Les infiltrations d’acide hyaluronique peuvent stabiliser certains patients en cas d’arthrose fémoro-tibiale. Sont à éviter chez les seniors fragiles, les anti-inflammatoires par voie générale (nombreux effets indésirables), et les traitements de fond antiarthrosiques d’action lente (efficacité non démontrée). Les topiques anti-inflammatoires peuvent être utiles « à condition de s’assurer que le patient n'est pas insuffisant cardiaque ou rénal sévère », ajoute le Pr Blain. Quant aux antalgiques, « ils limitent les informations proprioceptives et peuvent amener le malade à être plus traumatisant pour son articulation », fait-il remarquer. Le tramadol favorise la rétention vésicale d’urine, la constipation, peut entraîner un fécalome et une accoutumance. Il est également confusiogène en cas d’encéphalopathie vasculaire sous-jacente. « Avant toute prescription, s’assurer par une évaluation gérontologique simple (interrogatoire sur les antécédents et test de l’horloge, par ex.) que le patient n’a pas de troubles cognitifs ou d’épilepsie et vérifier qu’il n’y a pas de risque d’interactions avec d’autres traitements, notamment avec les antidépresseurs sérotoninergiques », insiste le praticien.

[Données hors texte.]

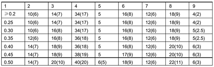 (7) 节流件上游侧*一阻力件和*二阻力件之间的直管段长度可按*二阻力件的形式和 β =0。7(不论实际 β值是多少)取表一所列数值的 1/2。
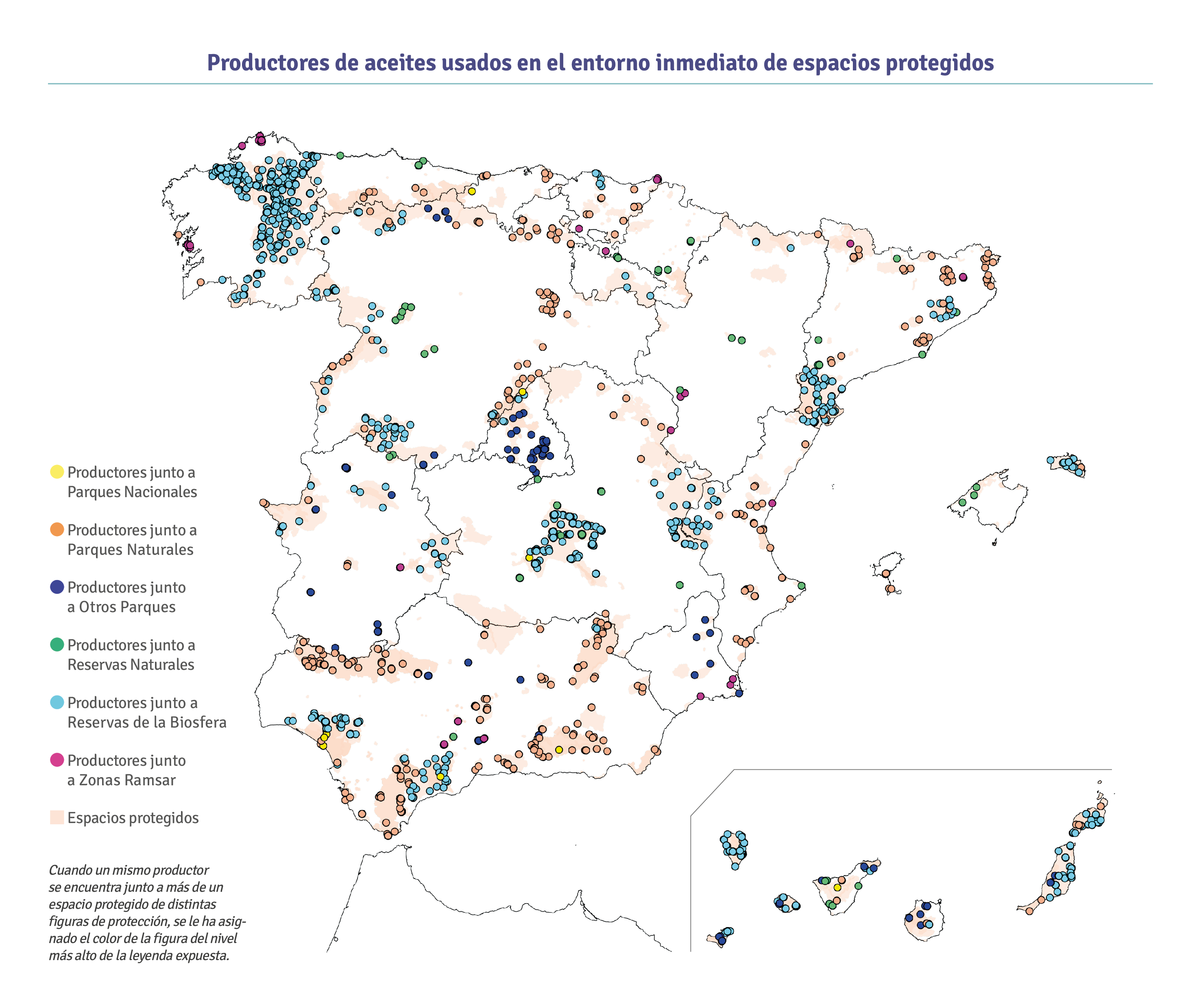 - Servicio esencial en zonas de alto riesgo ambiental. Más de 3.000 establecimientos de municipios rurales generaron unas 5.000 t de aceites usados en el entorno inmediato de espacios naturales protegidos. Se trata de recogidas en zonas de mayor vulnerabilidad, y que requieren un mayor esfuerzo logístico: el volumen medio por productor fue un 38% inferior a la media nacional.

Prothèse : un « oui mais »

Lorsque l’évaluation fonctionnelle et douloureuse - et non uniquement l’examen radiologique- indiquent que le patient perd de l’autonomie, la pose d’une prothèse peut être envisagée. À condition que le geste chirurgical soit effectué suffisamment tôt et avec une évaluation globale du rapport bénéfices/risques chez le patient. « Chez un malade avec des troubles cognitifs sous-jacents, la chirurgie peut amener un bon résultat fonctionnel mais risque d’entraîner une dégradation de l’état cognitif voire une grabatisation du patient », insiste le médecin. Quel que soit le traitement, il est utile lors de la prise en charge d'un patient âgé fragile que les différents praticiens travaillent avec le gériatre. « Il aidera, par une approche globale du patient tenant compte des pathologies chroniques sous-jacentes, à anticiper le rapport bénéfices-risques des pistes thérapeutiques envisagées et à privilégier les approches médicamenteuses et non médicamenteuses les plus adaptées pour prévenir les effets indésirables liés aux traitements », conclut le Pr Blain.